Ей эта арифметика совершенно не нравилась. Не нравилась уверенность общества, что она несчастна, потому что не нашла подходящего человека. Почему ее жизнь должна определяться тем, когда и с кем она вступит в брак? Лейси бесило само предположение, что ей одиноко. Раз она никогда не жила с мужчиной, то как ей горевать по такому сожительству? До чего же ей надоели шумные расспросы родни, особенно матушки и ее сестрицы, тети Труди! Ни один разговор с ними не обходился без вопроса, встречается ли она с кем-нибудь «всерьез».

«Кто сказал, что я ищу чего-то серьезного?» – был ее стандартный ответ. Как ни неприятно Лейси было признаваться даже себе, из-за этих разговоров она избегала общества матери и Труди. Ну, хорошо ей одной, не рыщет она в поисках своего Идеального Мужчины! Но они как раз поэтому считали ее неудачницей, достойной жалости именно из-за своего одиночества. Ее мать была безутешной вдовой, у Труди имелся ужасный муж, тем не менее они считали, что ее жизнь уступает их.

Что ж, избрала одиночество – изволь мириться с ошибочными умозаключениями окружающих.

Лейси налила себе еще зеленого чая без кофеина и приготовилась посмотреть какой-нибудь старый фильм. Но было уже почти десять вечера, завтра рабочий день, и следовало выспаться. Сейделл прислала по электронной почте две свежих памятки, и Лейси решила прочесть хотя бы одну, прежде чем переодеться в пижаму. Многолетний опыт свидетельствовал: писанина Сейделл действовала лучше любого снотворного.

Текст поменьше был озаглавлен: «Таппаколы: факты, цифры, слухи».

«Население. Не уверена, сколько именно насчитывается коренных американцев таппаколов. (Кстати, термин „коренные американцы“ – политкорректное изобретение белых невежд, предпочитающих пользоваться им, тогда как сами коренные американцы называют себя индейцами и смеются над теми, кто говорит иначе.

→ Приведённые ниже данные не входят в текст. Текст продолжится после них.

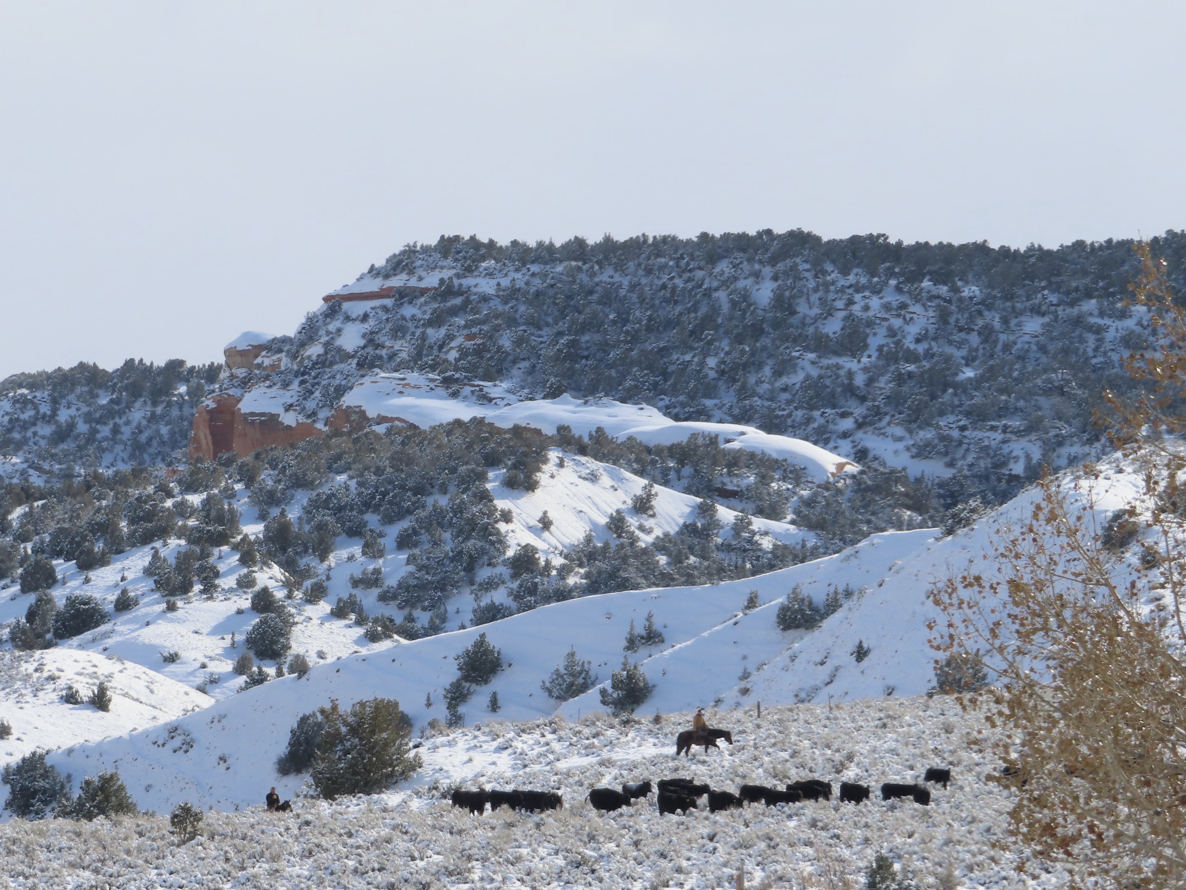 I was focused on the snow, cows & cowboy & almost missed the red rocks- Thanks for another good one! Reply

Но я отвлеклась.) Согласно Бюро по делам индейцев, в 2010 г. их было 441, в 2000 г. – 402. Но „золотое дно“, которым оказалось казино, привело к новым демографическим явлениям, так как впервые в истории многим отчаянно захотелось стать таппаколами. Все дело в распределении доходов по схеме, называемой в обиходе „дивидендной“. Согласно показаниям Джуниора Мейса, любой таппакол начиная с 18-летнего возраста каждый месяц получает чек на 5000 долларов. Проверить это невозможно, так как об этом, как и обо всем остальном, племя никому не докладывает. Когда женщина выходит замуж, ее ежемесячные дивиденды по загадочным причинам уменьшаются вдвое.

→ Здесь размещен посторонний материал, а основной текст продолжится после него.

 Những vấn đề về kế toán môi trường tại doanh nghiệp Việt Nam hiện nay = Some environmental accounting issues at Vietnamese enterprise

Дивиденды сильно колеблются от племени к племени, от штата к штату. Много лет назад прославилось одно племя в Миннесоте, чье казино, приносившее около миллиарда долларов в год, принадлежало всего 85 людям. Ежегодные дивиденды каждого превышали миллион. Считается, что этот рекорд до сих пор не побит.

В США 562 признанных племени, из них только 200 завели у себя казино. Еще примерно 150 племен пытаются добиться признания, но у федеральных властей есть серьезные подозрения. Новым племенам предстоят тяжелые бои за признание. Многие критики утверждают, что их внезапная гордость наследием предков возникла исключительно от желания заняться игорным бизнесом.

Большинство индейцев ничего не имеют от этих богатств, многие по-прежнему прозябают в нищете.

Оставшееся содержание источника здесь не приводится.